Records provided –
----

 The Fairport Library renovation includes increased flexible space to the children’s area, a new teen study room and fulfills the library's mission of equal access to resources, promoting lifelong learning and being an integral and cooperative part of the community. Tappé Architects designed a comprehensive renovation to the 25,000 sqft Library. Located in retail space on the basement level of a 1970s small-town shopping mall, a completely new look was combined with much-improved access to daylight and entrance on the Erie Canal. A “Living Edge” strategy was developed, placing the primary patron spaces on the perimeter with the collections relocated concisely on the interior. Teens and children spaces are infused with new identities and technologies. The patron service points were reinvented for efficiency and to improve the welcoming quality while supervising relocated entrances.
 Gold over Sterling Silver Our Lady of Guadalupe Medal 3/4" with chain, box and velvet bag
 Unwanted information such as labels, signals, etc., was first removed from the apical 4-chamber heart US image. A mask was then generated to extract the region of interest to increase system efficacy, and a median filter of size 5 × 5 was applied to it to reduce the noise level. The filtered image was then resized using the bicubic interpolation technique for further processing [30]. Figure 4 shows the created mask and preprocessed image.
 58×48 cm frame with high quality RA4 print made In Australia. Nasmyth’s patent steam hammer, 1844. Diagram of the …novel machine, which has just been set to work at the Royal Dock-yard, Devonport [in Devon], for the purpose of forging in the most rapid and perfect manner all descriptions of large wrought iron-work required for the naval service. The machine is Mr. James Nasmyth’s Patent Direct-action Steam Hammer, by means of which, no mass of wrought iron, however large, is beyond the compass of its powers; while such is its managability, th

----

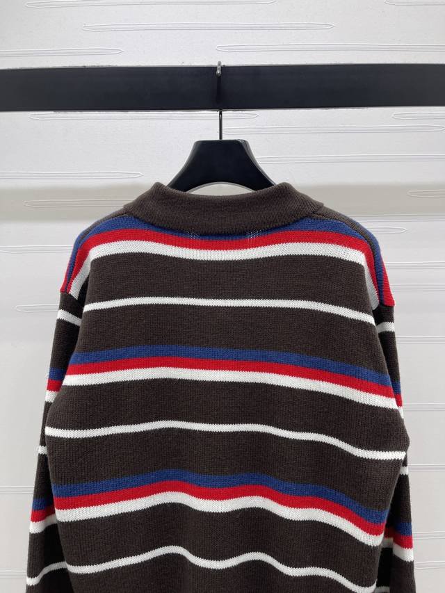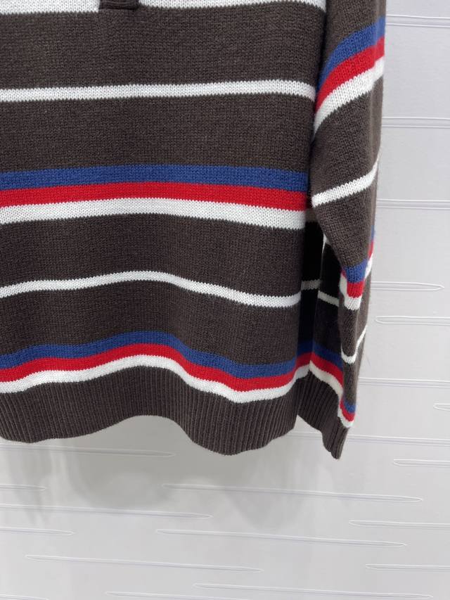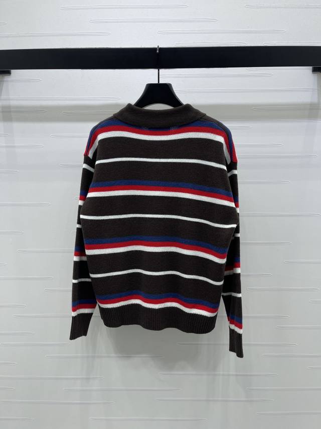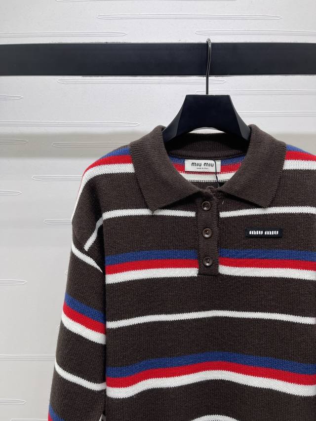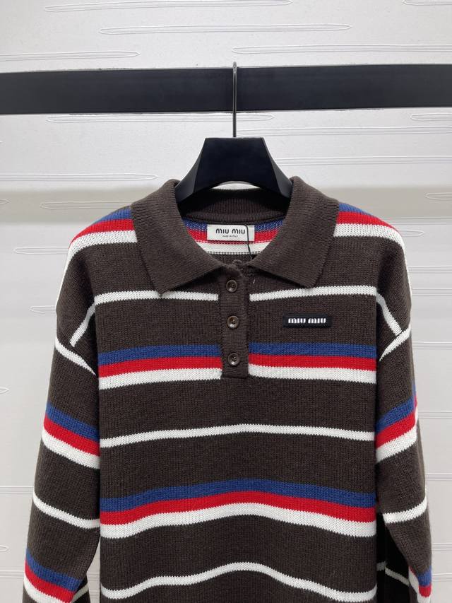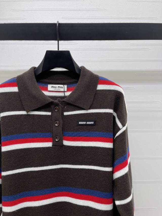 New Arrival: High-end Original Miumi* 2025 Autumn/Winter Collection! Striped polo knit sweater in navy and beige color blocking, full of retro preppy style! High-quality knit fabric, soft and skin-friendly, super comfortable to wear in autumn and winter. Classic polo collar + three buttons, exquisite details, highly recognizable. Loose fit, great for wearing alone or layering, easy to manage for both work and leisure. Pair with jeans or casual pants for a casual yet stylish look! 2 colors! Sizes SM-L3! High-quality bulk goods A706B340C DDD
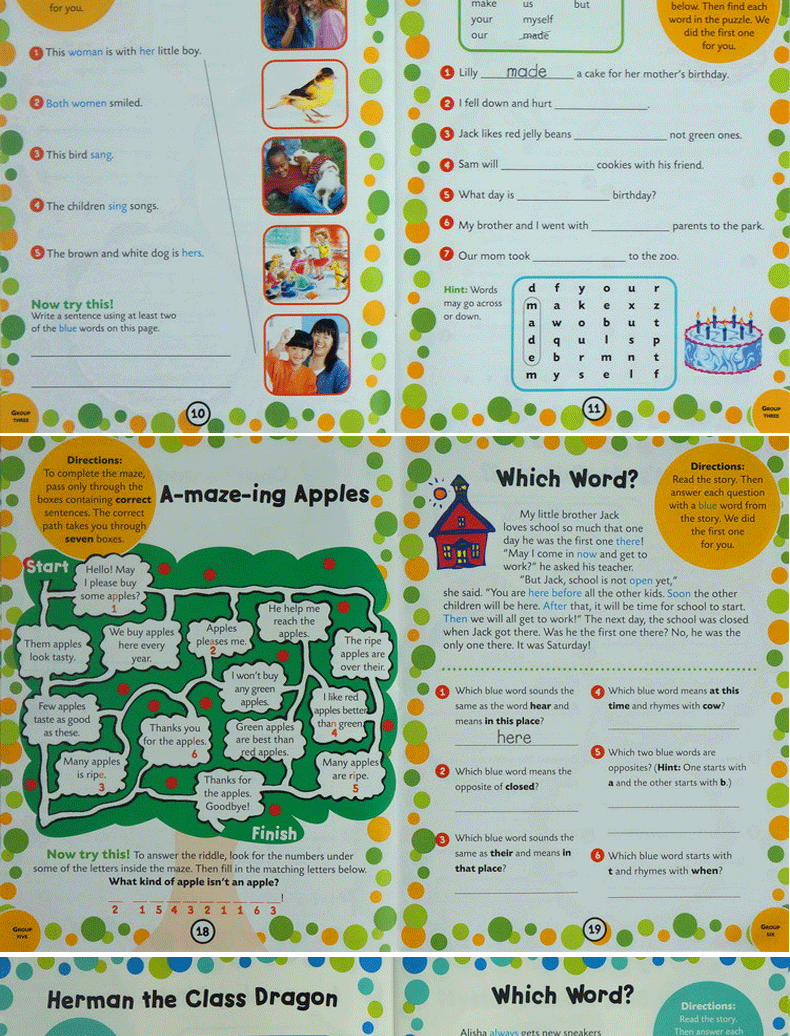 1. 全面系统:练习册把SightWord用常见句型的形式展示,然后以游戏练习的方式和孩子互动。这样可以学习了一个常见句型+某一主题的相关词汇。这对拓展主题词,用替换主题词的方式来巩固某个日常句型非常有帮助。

----

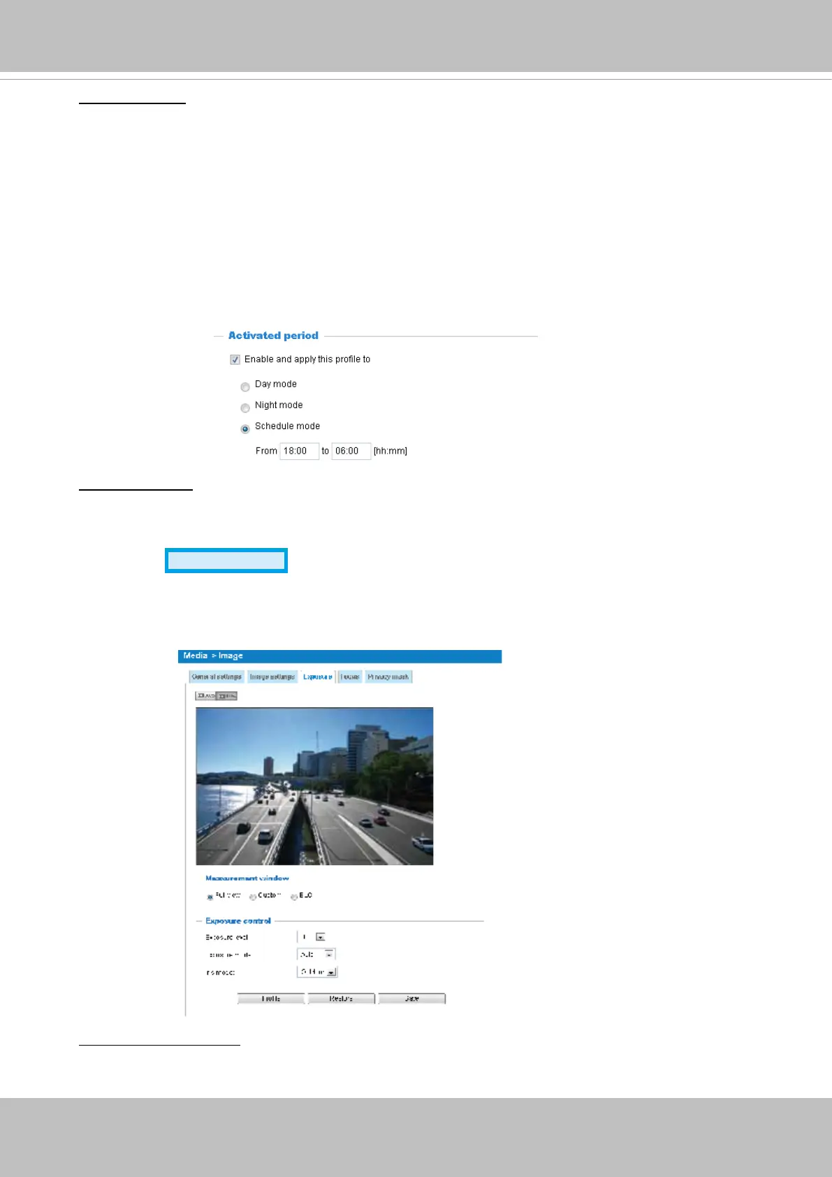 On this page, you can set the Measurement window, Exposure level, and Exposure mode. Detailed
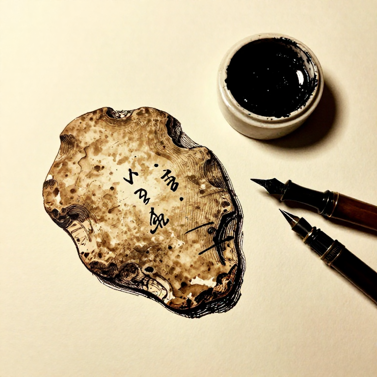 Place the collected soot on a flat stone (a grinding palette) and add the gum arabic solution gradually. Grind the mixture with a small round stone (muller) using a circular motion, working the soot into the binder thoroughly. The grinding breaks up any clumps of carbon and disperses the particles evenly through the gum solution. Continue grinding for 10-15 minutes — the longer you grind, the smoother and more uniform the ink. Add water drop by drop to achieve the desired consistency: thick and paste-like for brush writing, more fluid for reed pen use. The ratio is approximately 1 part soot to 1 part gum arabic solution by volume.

----

Exercise directions – If a line in the material contains the word "while", copy that line.

Response to the task –
 The Fairport Library renovation includes increased flexible space to the children’s area, a new teen study room and fulfills the library's mission of equal access to resources, promoting lifelong learning and being an integral and cooperative part of the community. Tappé Architects designed a comprehensive renovation to the 25,000 sqft Library. Located in retail space on the basement level of a 1970s small-town shopping mall, a completely new look was combined with much-improved access to daylight and entrance on the Erie Canal. A “Living Edge” strategy was developed, placing the primary patron spaces on the perimeter with the collections relocated concisely on the interior. Teens and children spaces are infused with new identities and technologies. The patron service points were reinvented for efficiency and to improve the welcoming quality while supervising relocated entrances.
 58×48 cm frame with high quality RA4 print made In Australia. Nasmyth’s patent steam hammer, 1844. Diagram of the …novel machine, which has just been set to work at the Royal Dock-yard, Devonport [in Devon], for the purpose of forging in the most rapid and perfect manner all descriptions of large wrought iron-work required for the naval service. The machine is Mr. James Nasmyth’s Patent Direct-action Steam Hammer, by means of which, no mass of wrought iron, however large, is beyond the compass of its powers; while such is its managability, th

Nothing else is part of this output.